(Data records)
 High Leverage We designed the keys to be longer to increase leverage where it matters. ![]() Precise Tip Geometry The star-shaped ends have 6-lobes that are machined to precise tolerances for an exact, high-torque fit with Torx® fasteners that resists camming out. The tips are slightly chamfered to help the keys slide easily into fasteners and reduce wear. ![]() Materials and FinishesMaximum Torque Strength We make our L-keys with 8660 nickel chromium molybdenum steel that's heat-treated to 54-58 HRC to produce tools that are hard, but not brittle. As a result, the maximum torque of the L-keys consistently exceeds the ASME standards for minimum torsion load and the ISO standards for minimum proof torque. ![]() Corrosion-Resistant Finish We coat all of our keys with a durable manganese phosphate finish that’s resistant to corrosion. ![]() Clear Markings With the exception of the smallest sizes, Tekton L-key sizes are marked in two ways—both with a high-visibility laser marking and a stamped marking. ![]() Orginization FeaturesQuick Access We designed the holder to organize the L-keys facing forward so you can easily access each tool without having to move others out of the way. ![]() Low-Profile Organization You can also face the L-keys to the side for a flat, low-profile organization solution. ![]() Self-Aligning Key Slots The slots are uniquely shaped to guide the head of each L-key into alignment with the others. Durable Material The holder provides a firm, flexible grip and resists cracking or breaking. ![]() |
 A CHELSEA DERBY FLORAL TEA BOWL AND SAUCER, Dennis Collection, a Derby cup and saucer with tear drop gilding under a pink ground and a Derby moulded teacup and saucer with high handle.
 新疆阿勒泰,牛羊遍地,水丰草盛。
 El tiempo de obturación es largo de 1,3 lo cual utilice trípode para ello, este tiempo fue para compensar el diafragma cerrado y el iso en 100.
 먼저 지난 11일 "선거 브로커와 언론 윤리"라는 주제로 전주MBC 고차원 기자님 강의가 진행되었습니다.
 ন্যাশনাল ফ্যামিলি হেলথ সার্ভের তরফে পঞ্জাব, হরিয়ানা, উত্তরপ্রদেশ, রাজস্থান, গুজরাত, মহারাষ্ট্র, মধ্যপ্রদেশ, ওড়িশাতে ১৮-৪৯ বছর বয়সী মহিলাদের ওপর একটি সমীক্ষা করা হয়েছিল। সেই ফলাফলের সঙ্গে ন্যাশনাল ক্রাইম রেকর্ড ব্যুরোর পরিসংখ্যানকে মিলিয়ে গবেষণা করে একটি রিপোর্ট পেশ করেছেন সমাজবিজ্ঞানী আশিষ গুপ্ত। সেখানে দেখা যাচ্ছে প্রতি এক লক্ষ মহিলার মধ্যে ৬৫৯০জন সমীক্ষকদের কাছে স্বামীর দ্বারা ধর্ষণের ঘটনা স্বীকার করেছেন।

■ **EXERCISE OBJECTIVE**
From the first line above through the line that contains "El tiempo de", quote each line exactly. Output nothing more.

■ **EXPECTED OUTPUT**
 High Leverage We designed the keys to be longer to increase leverage where it matters. ![]() Precise Tip Geometry The star-shaped ends have 6-lobes that are machined to precise tolerances for an exact, high-torque fit with Torx® fasteners that resists camming out. The tips are slightly chamfered to help the keys slide easily into fasteners and reduce wear. ![]() Materials and FinishesMaximum Torque Strength We make our L-keys with 8660 nickel chromium molybdenum steel that's heat-treated to 54-58 HRC to produce tools that are hard, but not brittle. As a result, the maximum torque of the L-keys consistently exceeds the ASME standards for minimum torsion load and the ISO standards for minimum proof torque. ![]() Corrosion-Resistant Finish We coat all of our keys with a durable manganese phosphate finish that’s resistant to corrosion. ![]() Clear Markings With the exception of the smallest sizes, Tekton L-key sizes are marked in two ways—both with a high-visibility laser marking and a stamped marking. ![]() Orginization FeaturesQuick Access We designed the holder to organize the L-keys facing forward so you can easily access each tool without having to move others out of the way. ![]() Low-Profile Organization You can also face the L-keys to the side for a flat, low-profile organization solution. ![]() Self-Aligning Key Slots The slots are uniquely shaped to guide the head of each L-key into alignment with the others. Durable Material The holder provides a firm, flexible grip and resists cracking or breaking. ![]() |
 A CHELSEA DERBY FLORAL TEA BOWL AND SAUCER, Dennis Collection, a Derby cup and saucer with tear drop gilding under a pink ground and a Derby moulded teacup and saucer with high handle.
 新疆阿勒泰,牛羊遍地,水丰草盛。
 El tiempo de obturación es largo de 1,3 lo cual utilice trípode para ello, este tiempo fue para compensar el diafragma cerrado y el iso en 100.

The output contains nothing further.